Went to the David Dunlap Observatory really early. I wanted some quiet time...

Hopped off the bus once again at Weldrick and Essex. This time, after starting up the DDO driveway, I cut through the woods so to shorten my walk. That worked out great following the obvious path. Gave me a chance to inspect the north side of the dome. I think I arrived around 3:45 PM.

There was a wedding party wrapping up as I walked up to the admin building. Introduced myself to the Richmond Hill afternoon staffer.

In the RASC office, I signed in, connected to the wifi, checked text messages, dropped off the name tags sheet, dropped off my (keyed) cable lock, pocketed a radio, left a note for Celia, grabbed a member's forgotten USB key, noted the left-behind BBQ tools and lawn chair, tidied up the SkyNews magazines, grabbed an extra clipboard, verified the A/C was on in the lecture hall, visited the "cloak room," filled up my water bottle, loaded up the "DDO bin" (along with cooling fan), and head to the dome.

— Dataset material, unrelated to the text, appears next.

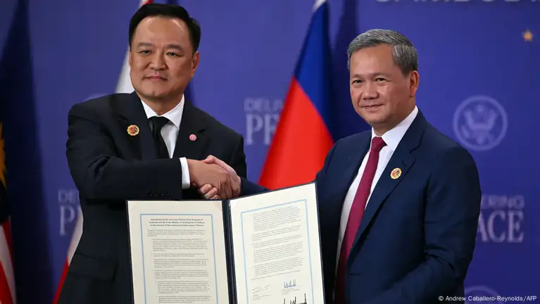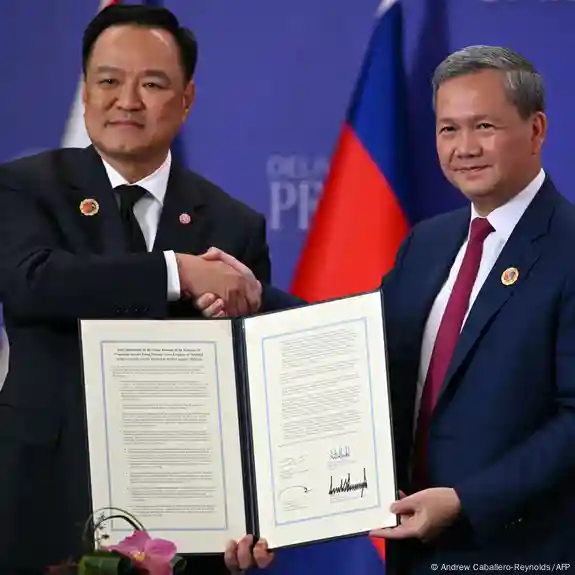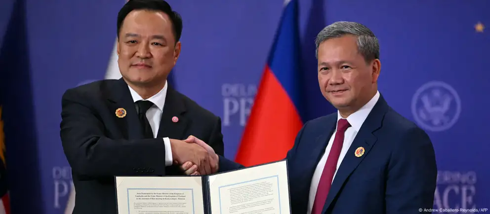 In dem nun unterzeichneten Friedensabkommen, auf das Trump gedrängt hatte, geht es nach Angaben des thailändischen Verteidigungsministeriums unter anderem um den Abzug schwerer Waffen aus dem Grenzgebiet sowie um gemeinsame Minenräumung. Vorausgegangen waren tagelange Verhandlungen zwischen beiden Ländern. Kambodschas Regierungschef Hun Manet sprach von einem "historischen Moment".

Fielded a query from the Carr Astronomical Observatory. Helped a volunteer with a technical issue there.

Opened the windows on the observatory floor again. Elected to not activate the fan as the air was already cool. This time I explored the north window. That allowed cool air into the Warm Room.

Installed the LED red light bulb in the eyepiece cabinet.

Brought out the big whiteboard, my markers and brush (but never ended up using it).

Deployed some plugs and caps for our eyepieces and the mirror diagonal.

Briefly tried connecting to the hard line ethernet devices in the Warm Room. No joy.

Found my missing favourite eyepiece strap! It had been missing for a long time. I must have dropped it at a past DDO event. Ha. Weird.

Configured the MallinCam. This time for semi-permanent installation. So, I attached the camera (once again with the loaner 2-inch long extension tube), fired up the Warm Room old CRT monitor and video signal amp, along with the CRT TV on the observing floor. All good. Connected the remote control and reviewed settings. Left it connected for further adjustments as the sky darkened.

Centred the tangent arm.

Enjoyed a light dinner in the Warm Room. Kinda neat. Felt nostalgic.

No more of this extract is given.